The basic setup is that there are three routers on an egress server dedicated to incoming traffic from an ingress server. These three transports on egress then distribute the data to the other routers on egress, which have peer webrtctransports attached. The peers in the room then get the datachannel data via those webrtctransports to clientside.
When i get near 100 peers in the room which are all sending a datachannel message at 1 second intervals, the CPU usage of the nodejs process hits 100% and stays close to there. When I back that interval off to 10 seconds, the CPU is very relaxed and low usage. Note, this is not the mediasoup worker process but the nodejs process itself. The data being sent is a string of about 50 characters from each peer.
This does not happen with audio. With audio, the mediasoup workers increase in processing and the nodejs process increases very little.
This leads me to think that sending datachannel messages is cpu intensive.

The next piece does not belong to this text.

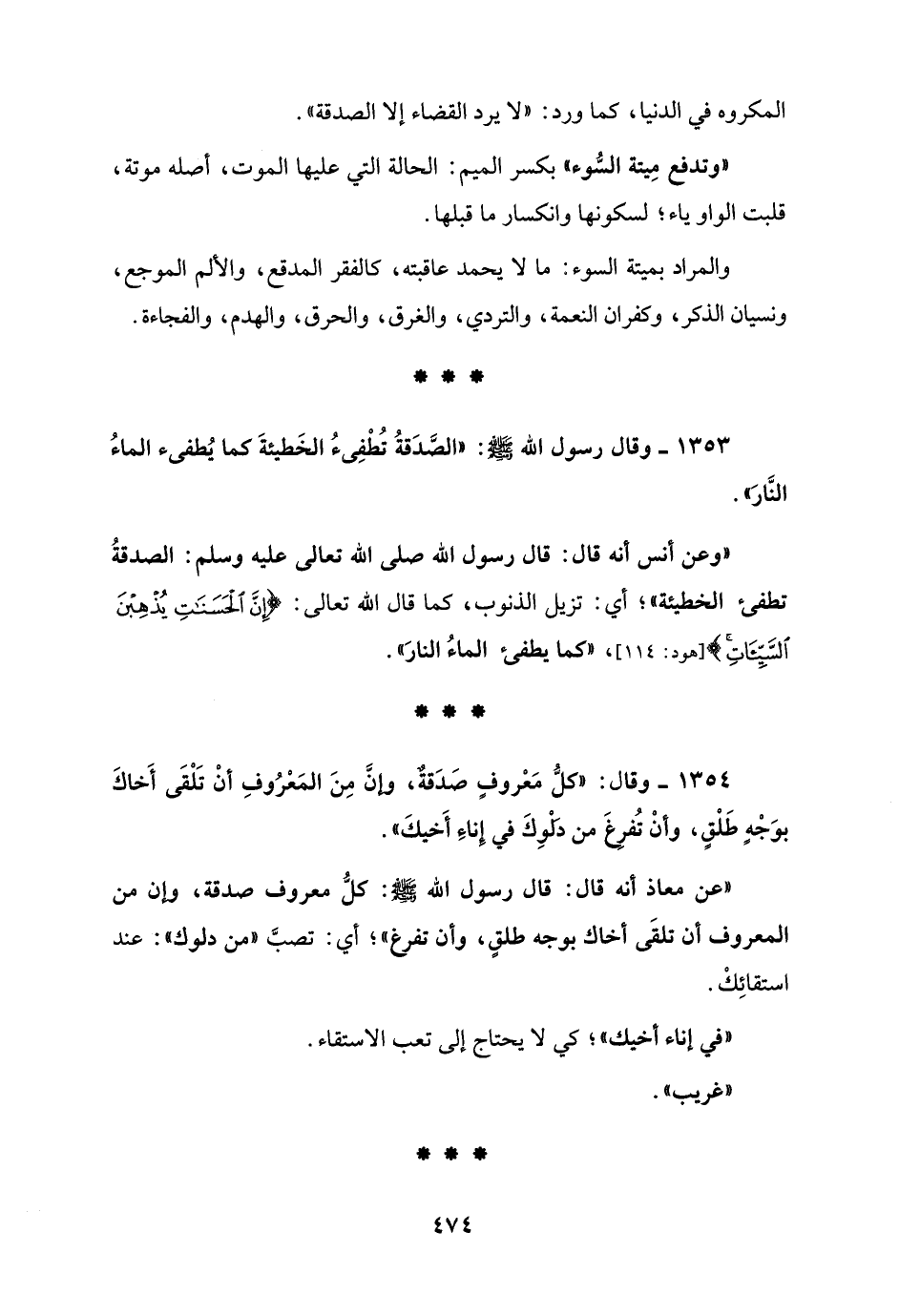 1353 - وقال رسول الله - صلى الله عليه وسلم -: "الصَّدَقةُ تُطْفِئُ الخَطيئةَ كما يُطفئ الماءُ النَّارَ".

Is this correct more so than for audio/video?
I did a bit of profiling, and it seems that the dataconsumer.js and channel.js are using a lot of ticks to handle events. …?
ticks parent name 44496 52.0% /usr/local/bin/node 24124 54.2% /usr/local/bin/node 17328 71.8% LazyCompile: *<anonymous> /container/node_modules/mediasoup/lib/Channel.js:28:41 >> https://github.com/versatica/mediasoup/blob/d01e6676fa0484140bf68f0bdd5da292814f6de0/lib/Channel.js#L28 17328 100.0% LazyCompile: *emit events.js:349:44 17327 100.0% LazyCompile: *emit domain.js:464:44 9468 54.6% LazyCompile: *readableAddChunk internal/streams/readable.js:214:26 7714 44.5% LazyCompile: *addChunk internal/streams/readable.js:282:18
Entire profile can be found here: Mediasoup Profile - Pastebin.com
I have experimented with the ordering, time-to-live and max-retries settings of the datachannel, but they do not seem to change the reliance on the event.js. My hope there was that the time-to-live would avoid event hooks like number of retries. But this doens’t seem to be the case.
The data being sent over does not need to be reliable. If a packet drops, the next incoming packet should replace it. In this way, it is ‘stream like’ because we can discard data that is outside the time/cpu budget.
Am I able to configure datachannels to not use the nodejs process to wait on events? Or maybe I have interpreted the profile incorrectly… I welcome any insights into what I may be doing wrong or have misconfigured.
Thanks for reading.